**What the task requires:** Span requested from the data below: the line with "New Students Intake-නවක" through the line with "2024秋冬パンツ デニム ジーンズ", both included. Give only these lines again, exactly, and leave every picture out.

**Information shown:**
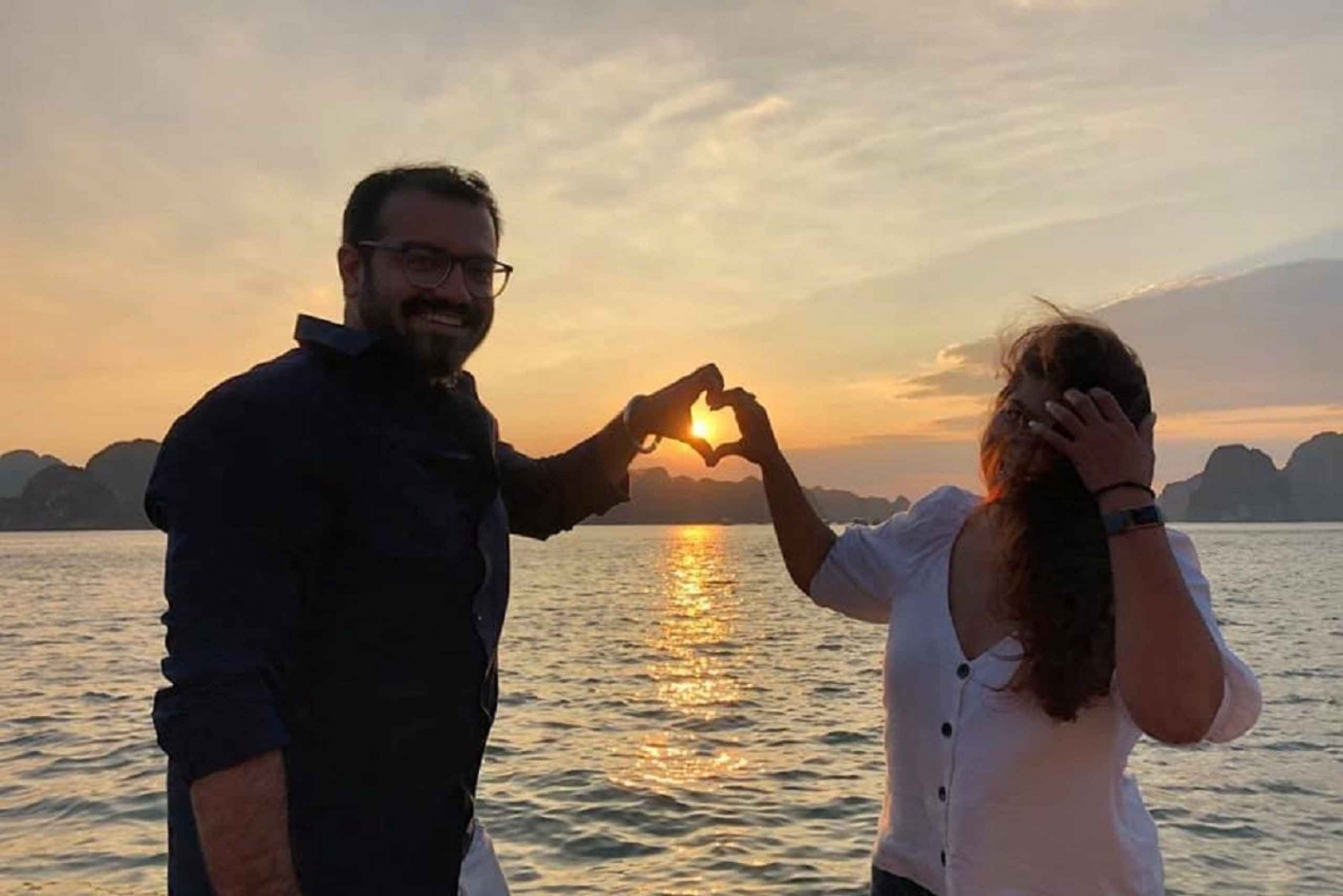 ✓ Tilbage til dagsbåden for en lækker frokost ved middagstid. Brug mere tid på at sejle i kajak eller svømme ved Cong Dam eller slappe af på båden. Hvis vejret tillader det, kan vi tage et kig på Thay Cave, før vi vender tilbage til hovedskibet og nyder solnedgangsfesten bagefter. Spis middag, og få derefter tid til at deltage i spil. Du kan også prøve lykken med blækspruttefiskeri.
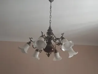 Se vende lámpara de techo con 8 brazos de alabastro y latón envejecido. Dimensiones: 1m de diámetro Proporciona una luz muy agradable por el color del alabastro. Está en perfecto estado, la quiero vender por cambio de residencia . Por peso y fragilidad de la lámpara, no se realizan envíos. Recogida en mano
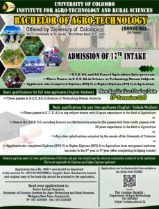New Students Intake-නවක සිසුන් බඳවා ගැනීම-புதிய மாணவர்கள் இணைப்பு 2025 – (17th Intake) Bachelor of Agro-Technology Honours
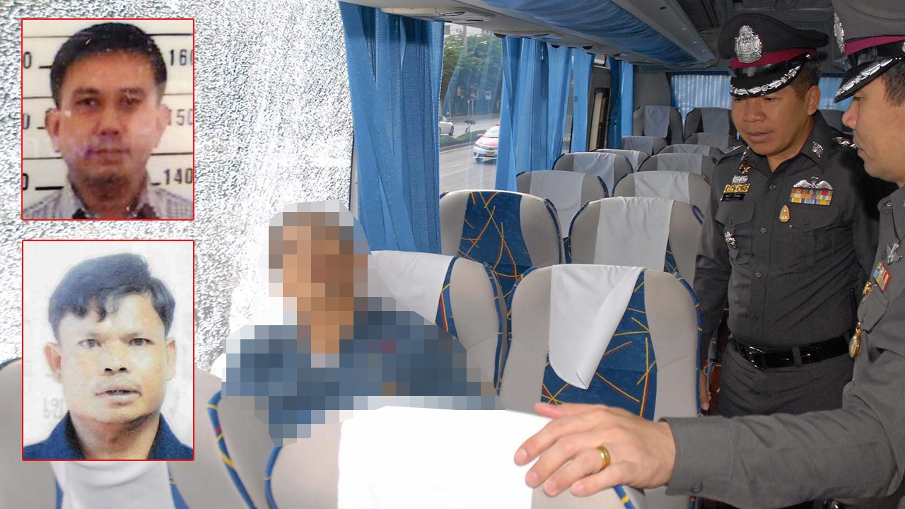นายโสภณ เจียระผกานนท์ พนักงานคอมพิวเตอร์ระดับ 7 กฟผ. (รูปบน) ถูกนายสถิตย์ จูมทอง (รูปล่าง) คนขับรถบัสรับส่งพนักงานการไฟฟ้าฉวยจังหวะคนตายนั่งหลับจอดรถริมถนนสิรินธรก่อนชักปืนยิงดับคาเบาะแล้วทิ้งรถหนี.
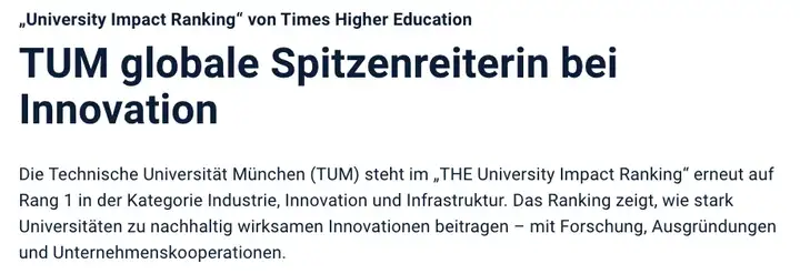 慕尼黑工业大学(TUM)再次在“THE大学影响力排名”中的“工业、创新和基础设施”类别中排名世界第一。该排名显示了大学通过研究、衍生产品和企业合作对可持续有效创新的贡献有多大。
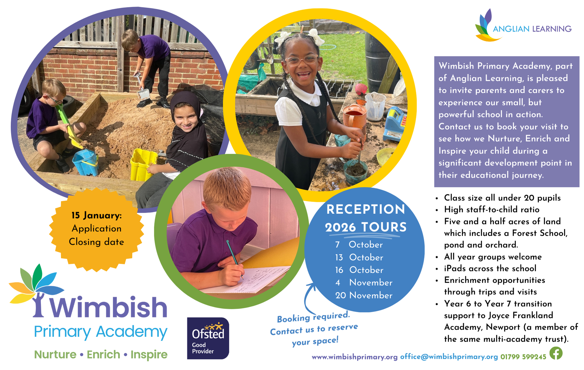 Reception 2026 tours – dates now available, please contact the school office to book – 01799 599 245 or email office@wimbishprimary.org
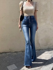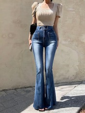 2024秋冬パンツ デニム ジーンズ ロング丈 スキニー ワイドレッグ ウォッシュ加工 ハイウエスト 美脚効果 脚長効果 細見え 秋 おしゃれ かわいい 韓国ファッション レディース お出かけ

==

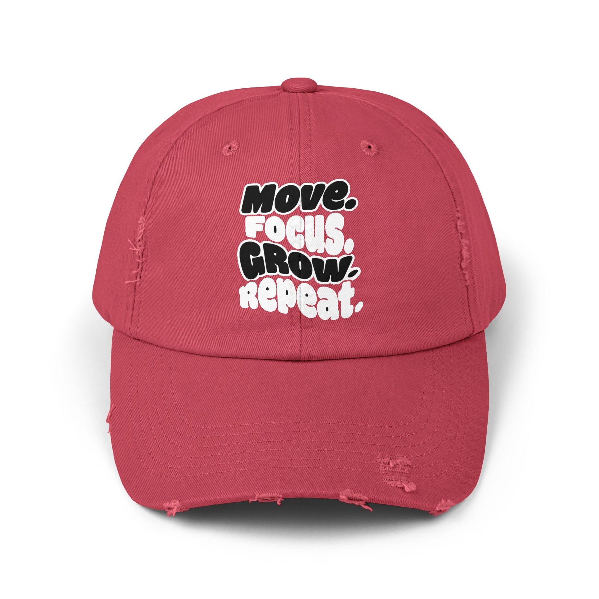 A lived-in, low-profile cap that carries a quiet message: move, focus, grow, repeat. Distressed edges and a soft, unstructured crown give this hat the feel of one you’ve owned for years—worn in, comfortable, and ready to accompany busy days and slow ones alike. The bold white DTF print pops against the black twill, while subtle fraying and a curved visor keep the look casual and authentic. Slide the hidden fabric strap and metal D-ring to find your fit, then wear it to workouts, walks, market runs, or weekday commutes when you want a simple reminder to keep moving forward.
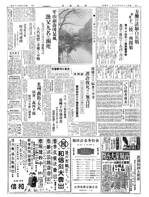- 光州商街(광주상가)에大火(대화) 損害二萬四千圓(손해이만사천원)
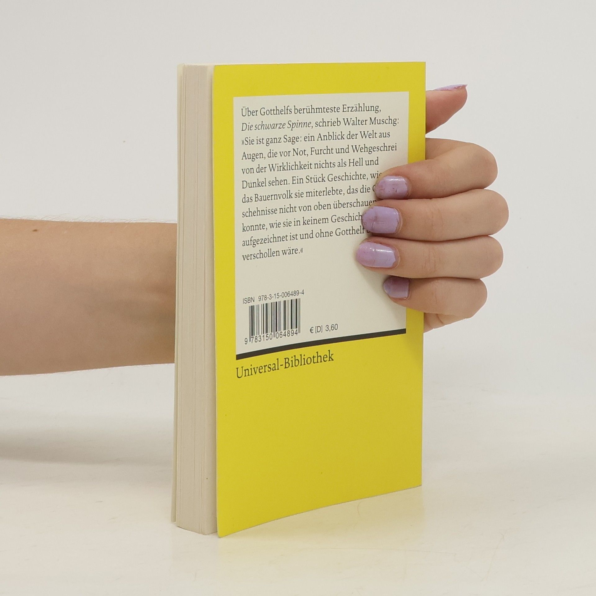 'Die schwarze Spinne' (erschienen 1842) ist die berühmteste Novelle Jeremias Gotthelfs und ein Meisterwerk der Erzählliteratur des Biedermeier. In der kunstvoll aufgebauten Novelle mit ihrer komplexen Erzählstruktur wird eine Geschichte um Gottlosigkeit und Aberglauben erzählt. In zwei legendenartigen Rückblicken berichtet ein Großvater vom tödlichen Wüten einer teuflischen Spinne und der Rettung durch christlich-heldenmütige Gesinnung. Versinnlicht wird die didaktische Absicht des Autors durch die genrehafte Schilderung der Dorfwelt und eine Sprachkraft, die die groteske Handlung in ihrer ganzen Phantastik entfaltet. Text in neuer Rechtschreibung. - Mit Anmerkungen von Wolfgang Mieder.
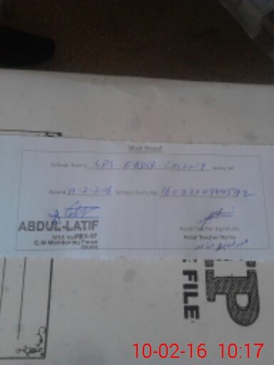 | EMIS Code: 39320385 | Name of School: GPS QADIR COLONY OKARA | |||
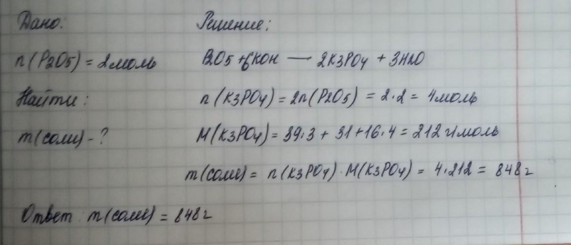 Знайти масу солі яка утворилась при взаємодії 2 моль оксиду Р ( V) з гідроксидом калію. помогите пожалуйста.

* * *

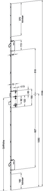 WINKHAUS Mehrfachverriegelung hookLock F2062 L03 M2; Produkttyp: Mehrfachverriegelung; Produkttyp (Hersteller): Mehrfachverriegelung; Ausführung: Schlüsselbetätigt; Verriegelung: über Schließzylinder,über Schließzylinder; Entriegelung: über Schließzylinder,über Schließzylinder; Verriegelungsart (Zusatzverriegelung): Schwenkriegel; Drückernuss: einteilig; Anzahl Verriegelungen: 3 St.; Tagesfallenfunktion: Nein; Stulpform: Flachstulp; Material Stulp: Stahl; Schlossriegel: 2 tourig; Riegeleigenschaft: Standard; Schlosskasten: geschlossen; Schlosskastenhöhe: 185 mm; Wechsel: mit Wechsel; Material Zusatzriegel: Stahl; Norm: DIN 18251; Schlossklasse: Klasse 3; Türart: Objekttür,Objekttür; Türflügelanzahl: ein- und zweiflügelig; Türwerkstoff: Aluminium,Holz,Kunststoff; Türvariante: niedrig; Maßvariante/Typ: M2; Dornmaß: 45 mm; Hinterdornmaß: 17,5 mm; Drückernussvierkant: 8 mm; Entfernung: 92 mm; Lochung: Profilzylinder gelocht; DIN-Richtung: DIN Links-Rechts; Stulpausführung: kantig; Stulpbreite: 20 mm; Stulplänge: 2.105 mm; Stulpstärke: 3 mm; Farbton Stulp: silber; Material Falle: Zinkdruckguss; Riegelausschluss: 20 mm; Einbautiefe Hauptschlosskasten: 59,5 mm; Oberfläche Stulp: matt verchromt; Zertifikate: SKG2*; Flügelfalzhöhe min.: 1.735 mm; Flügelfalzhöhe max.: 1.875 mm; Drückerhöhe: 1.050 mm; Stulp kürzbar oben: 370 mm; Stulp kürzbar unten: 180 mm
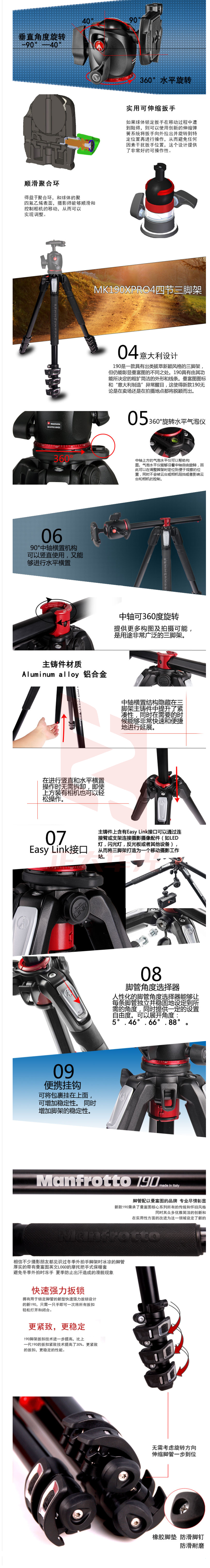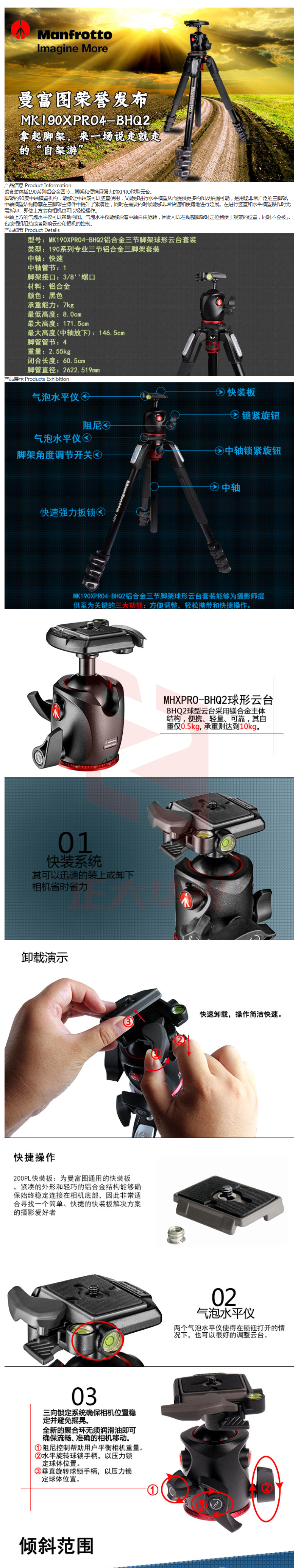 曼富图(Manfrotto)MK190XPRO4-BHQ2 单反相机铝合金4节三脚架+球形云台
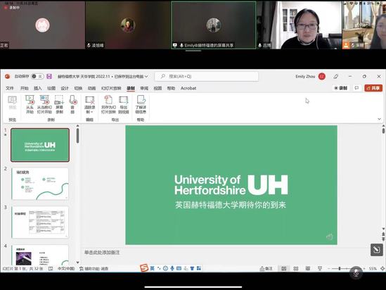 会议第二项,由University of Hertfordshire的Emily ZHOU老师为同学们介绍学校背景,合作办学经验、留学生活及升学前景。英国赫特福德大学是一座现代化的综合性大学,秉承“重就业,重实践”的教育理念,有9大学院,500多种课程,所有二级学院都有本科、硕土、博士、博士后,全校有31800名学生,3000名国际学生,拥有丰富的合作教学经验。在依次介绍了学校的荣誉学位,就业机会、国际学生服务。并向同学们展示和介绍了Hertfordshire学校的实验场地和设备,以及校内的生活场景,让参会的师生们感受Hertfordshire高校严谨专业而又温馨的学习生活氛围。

**Solution for this problem:**
New Students Intake-නවක සිසුන් බඳවා ගැනීම-புதிய மாணவர்கள் இணைப்பு 2025 – (17th Intake) Bachelor of Agro-Technology Honours
นายโสภณ เจียระผกานนท์ พนักงานคอมพิวเตอร์ระดับ 7 กฟผ. (รูปบน) ถูกนายสถิตย์ จูมทอง (รูปล่าง) คนขับรถบัสรับส่งพนักงานการไฟฟ้าฉวยจังหวะคนตายนั่งหลับจอดรถริมถนนสิรินธรก่อนชักปืนยิงดับคาเบาะแล้วทิ้งรถหนี.
 慕尼黑工业大学(TUM)再次在“THE大学影响力排名”中的“工业、创新和基础设施”类别中排名世界第一。该排名显示了大学通过研究、衍生产品和企业合作对可持续有效创新的贡献有多大。
 Reception 2026 tours – dates now available, please contact the school office to book – 01799 599 245 or email office@wimbishprimary.org
 2024秋冬パンツ デニム ジーンズ ロング丈 スキニー ワイドレッグ ウォッシュ加工 ハイウエスト 美脚効果 脚長効果 細見え 秋 おしゃれ かわいい 韓国ファッション レディース お出かけ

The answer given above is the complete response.